Safety, a keystone of any breakthrough therapy, was not overlooked. IND-enabling GLP toxicology studies demonstrated no drug-related toxicities, and ABI-01 emerged with a high therapeutic index, paving the way for a confident transition to human studies.

The scientific rigor and potential of ABI-01's novel dual mechanism has garnered significant recognition from the federal government. The National Heart, Lung, and Blood Institute (NHLBI) has scored Avanti's Catalyze grant application as one of the top proposals, providing prestigious validation of the company's innovative approach to fibrotic disease treatment. This federal endorsement not only validates the scientific merit of ABI-01's dual DYRK1/PIM1 inhibition strategy but also positions Avanti for potential non-dilutive funding support to advance the program through

the IND application.

Today, Avanti Biosciences stands at the threshold of clinical development, led by a world-class team including Dr.

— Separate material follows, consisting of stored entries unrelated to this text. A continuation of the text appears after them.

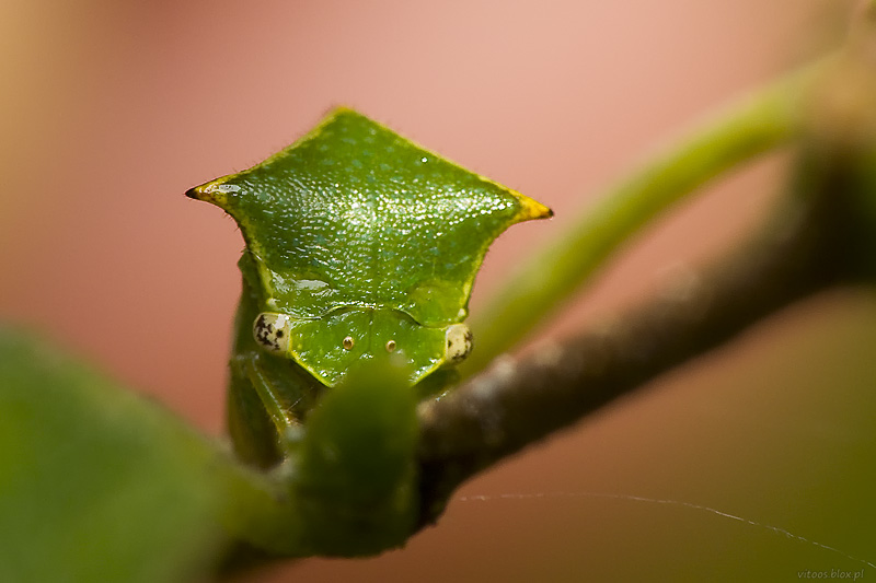 O sfotografowaniu tego mikroskopijnego stworzenia marzyłem od kiedy fotografuję. Już się parę razy na niego „zasadzałem”, ale z mizernym skutkiem. Tym razem zauważyłem go spacerującego po ogrodowym stole, czyli został mi podany dosłownie i w przenośni jak na tacy 😉
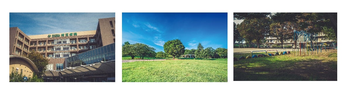 ※左から、国立病院機構埼玉病院(徒歩8分)、光が丘公園(徒歩13分)、第四小学校(徒歩7分)
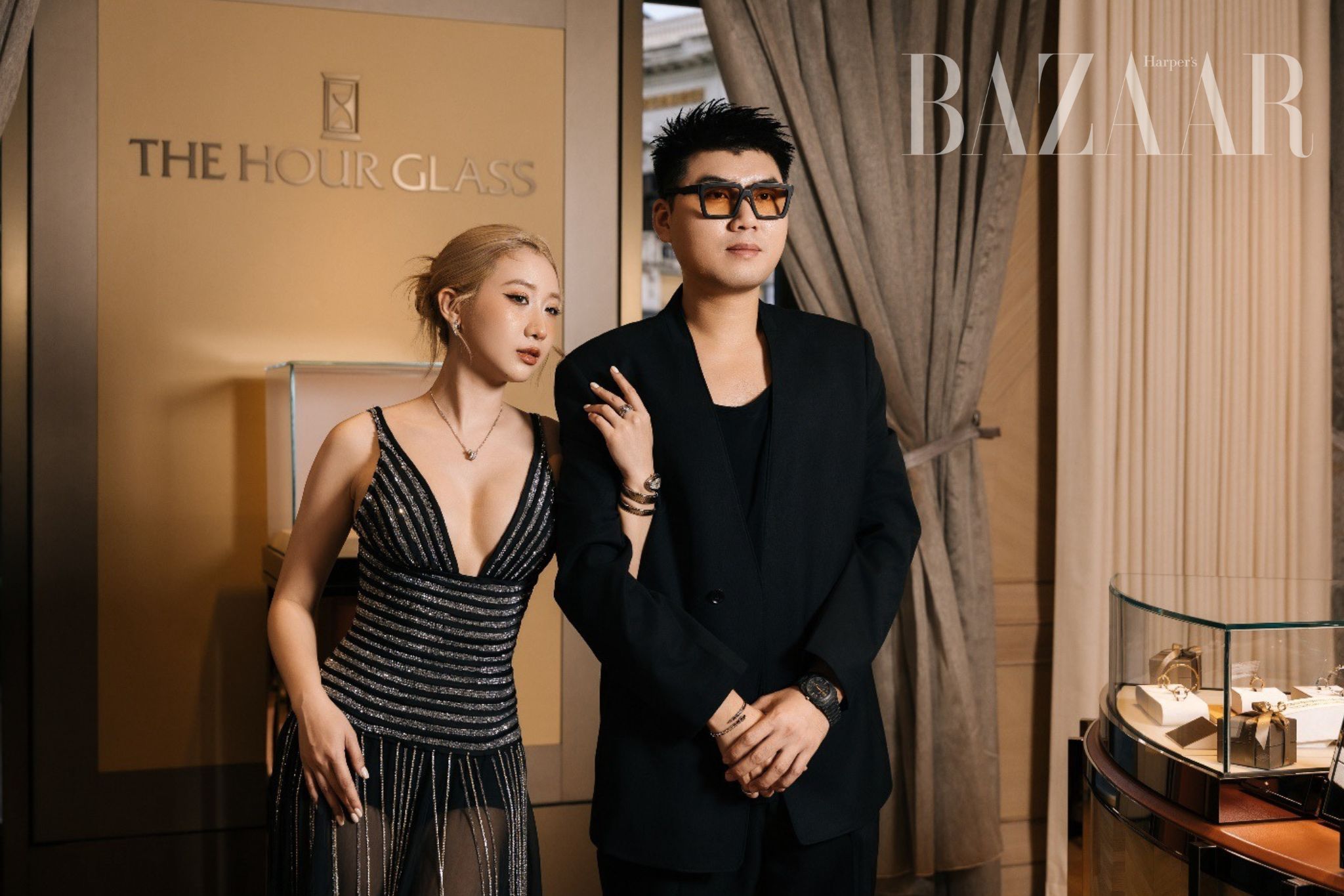 Kiều Ly cùng bộ trang sức Serpenti Viper vàng trắng 18K nạm kim cương Pavé, kết hợp đồng hồ Serpenti Tubogas hai vòng dây thép cùng mặt số trắng, thể hiện phong cách hiện đại, thời thượng. Đạo diễn Đức Anh xuất hiện tinh giản nhưng đầy cá tính với đồng hồ Octo Finissimo bằng carbon và vàng 18K, phối cùng vòng tay và nhẫn Serpenti, một tổng thể mạnh mẽ, thanh lịch và đầy sáng tạo.
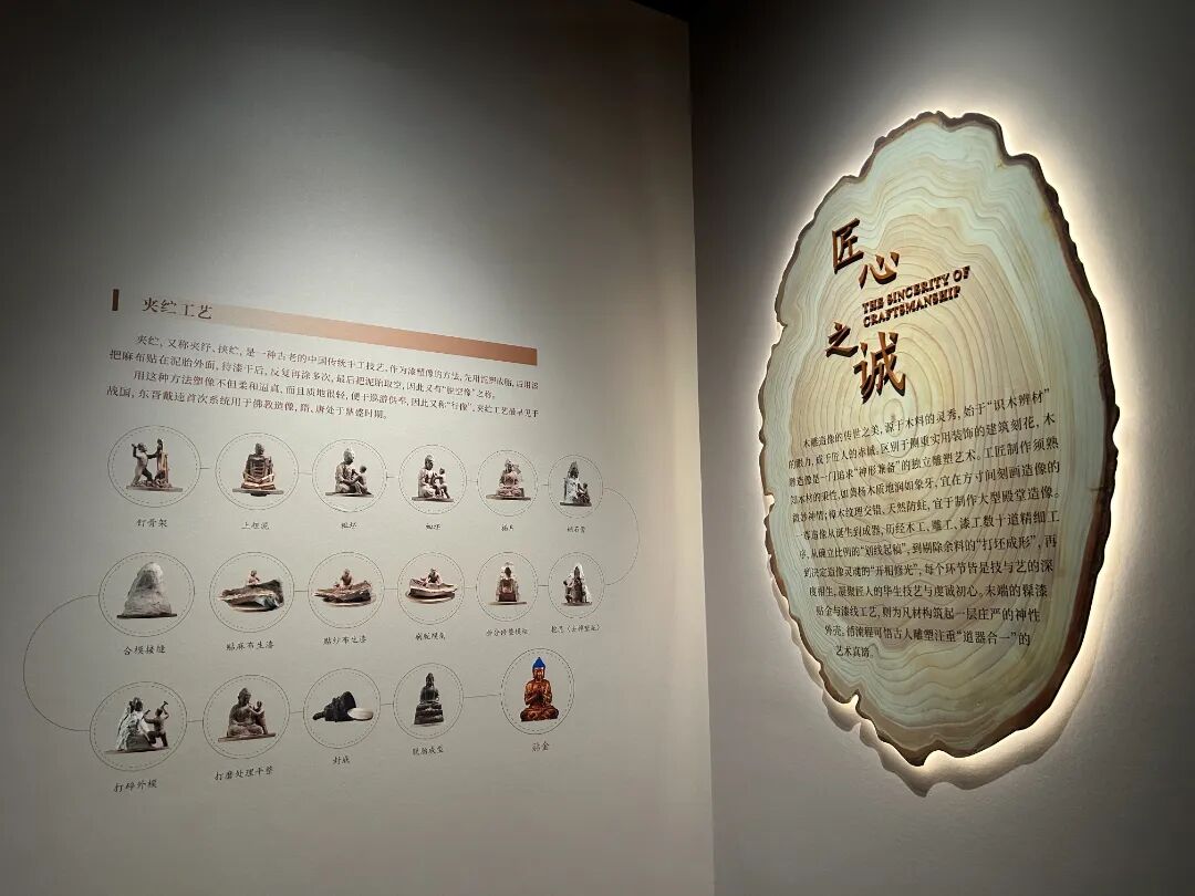 展覽 由表及里、由物及人、由技入道 的敘事邏輯,層層深入地探尋古代木雕背后人與自然的和諧共生、造像形制與精神內(nèi)核的交融互鑒、匠人初心與信仰追求的同頻共振,完整勾勒出木雕造像藝術(shù)承載的文化精神圖譜。
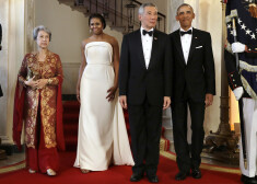 Obamu pāris, sagaidot Baltajā namā Singapūras premjerministru un viņa kundzi. Par godu Svinīgajai pieņemšanai ASV pirmā lēdija Mišela Obama izvēlējusies ...
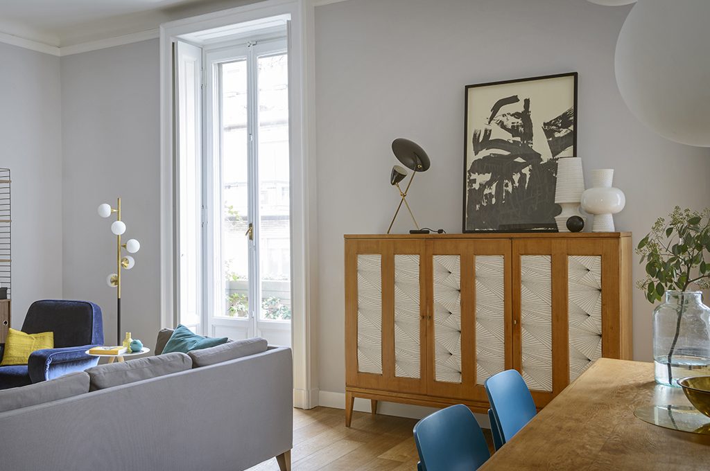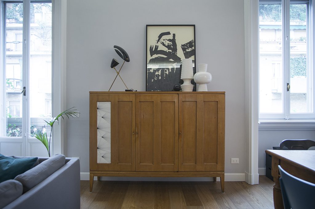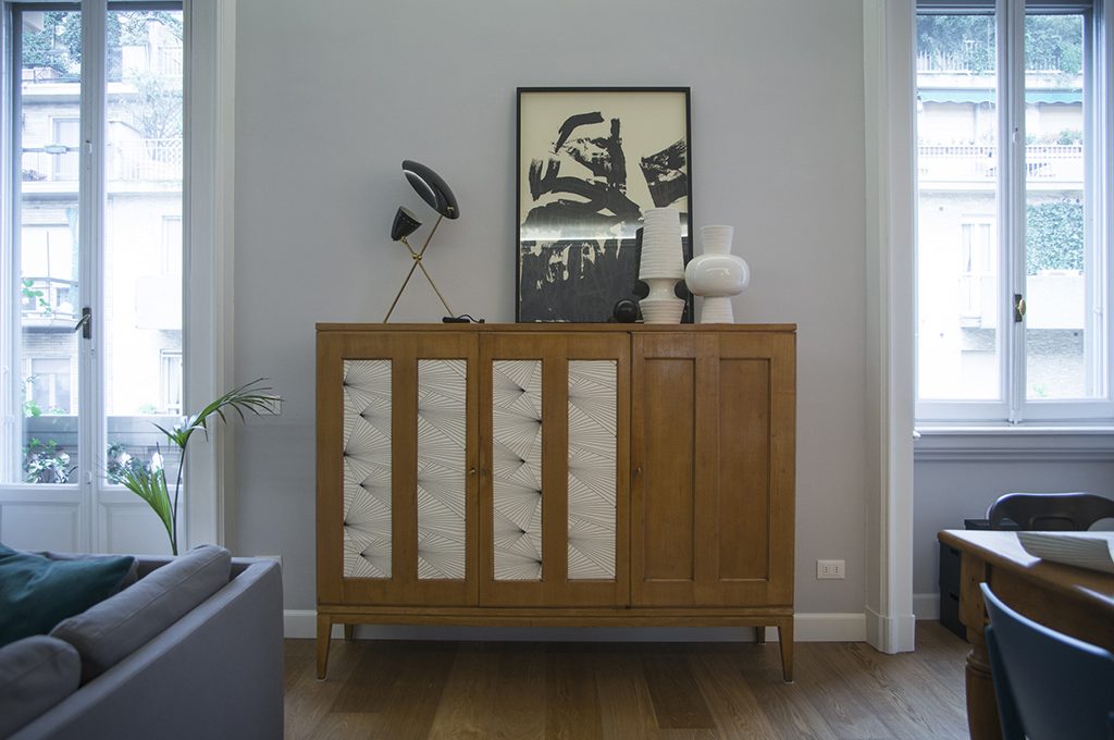 Per rinnovare un vecchio mobile con specchiature e cornici basta davvero poco: ti servono alcuni ritagli di carta da parati (magari la stessa che c’è nel locale) oppure del cartoncino decorato, poi nastro biadesivo o colla vinilica, squadre, matita e taglierino.
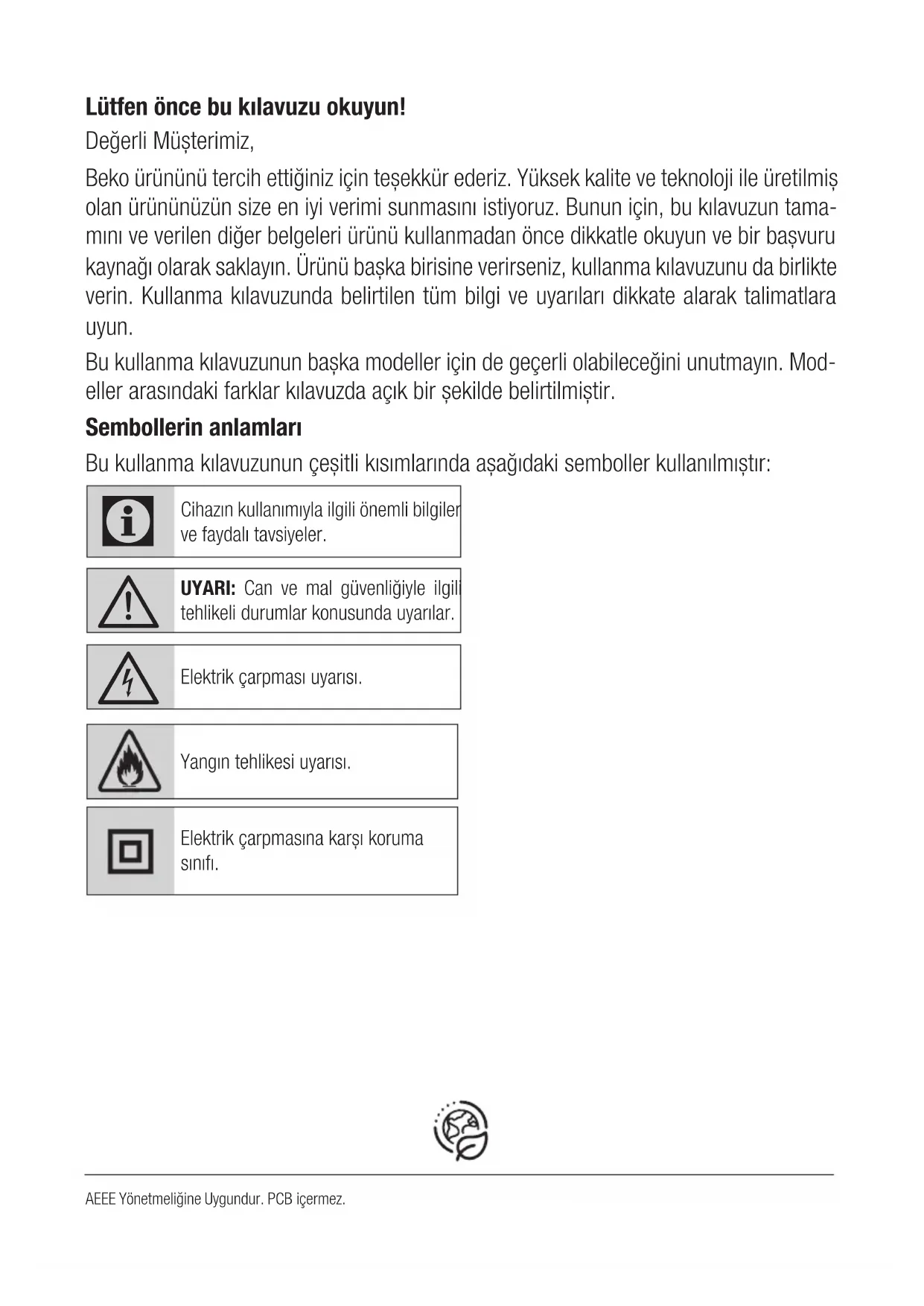 Για προϊόντα με φίλτρα άνθρακα, το φίλτρο θα πρέπει κανονικά να αλλάζεται κάθε 3 μήνες.Lütfen önce bu kılavuzu okuyun! Değerli Müşterimiz, Beko ürününü tercih ettiğiniz için teşekkür ederiz. Yüksek kalite ve teknoloji ile üretilmiş olan ürününüzün size en iyi verimi sunmasını istiyoruz. Bunun için, bu kılavuzun tama- mını ve verilen diğer belgeleri ürünü kullanmadan önce dikkatle okuyun ve bir başvuru kaynağı olarak saklayın. Ürünü başka birisine verirseniz, kullanma kılavuzunu da birlikte verin. Kullanma kılavuzunda belirtilen tüm bilgi ve uyarıları dikkate alarak talimatlara uyun. Bu kullanma kılavuzunun başka modeller için de geçerli olabileceğini unutmayın. Mod- eller arasındaki farklar kılavuzda açık bir şekilde belirtilmiştir. Sembollerin anlamları Bu kullanma kılavuzunun çeşitli kısımlarında aşağıdaki semboller kullanılmıştır:

Ganesh Raghu (CMO, and a pioneer in interstitial lung disease research) and Dr. Marianne Mann (regulatory strategist and former FDA leader). The company’s discoveries have resulted in a robust intellectual property estate, an FDA Orphan Drug Designation for IPF, NHLBI Catalyze program recognition, and $7 million in non-dilutive NIH grant funding. A $3M convertible note raise is now underway to propel ABI-01 through first-in-human trials and position it as a transformative therapy for both IPF and NASH.

Avanti’s story is one of scientific agility and relentless innovation—of following biological insight wherever it may lead. From a licensing-first startup to a fierce R&D engine, Avanti Biosciences exemplifies how focus, bold experimentation and commitment to unmet patient need can result in genuine breakthrough medicines.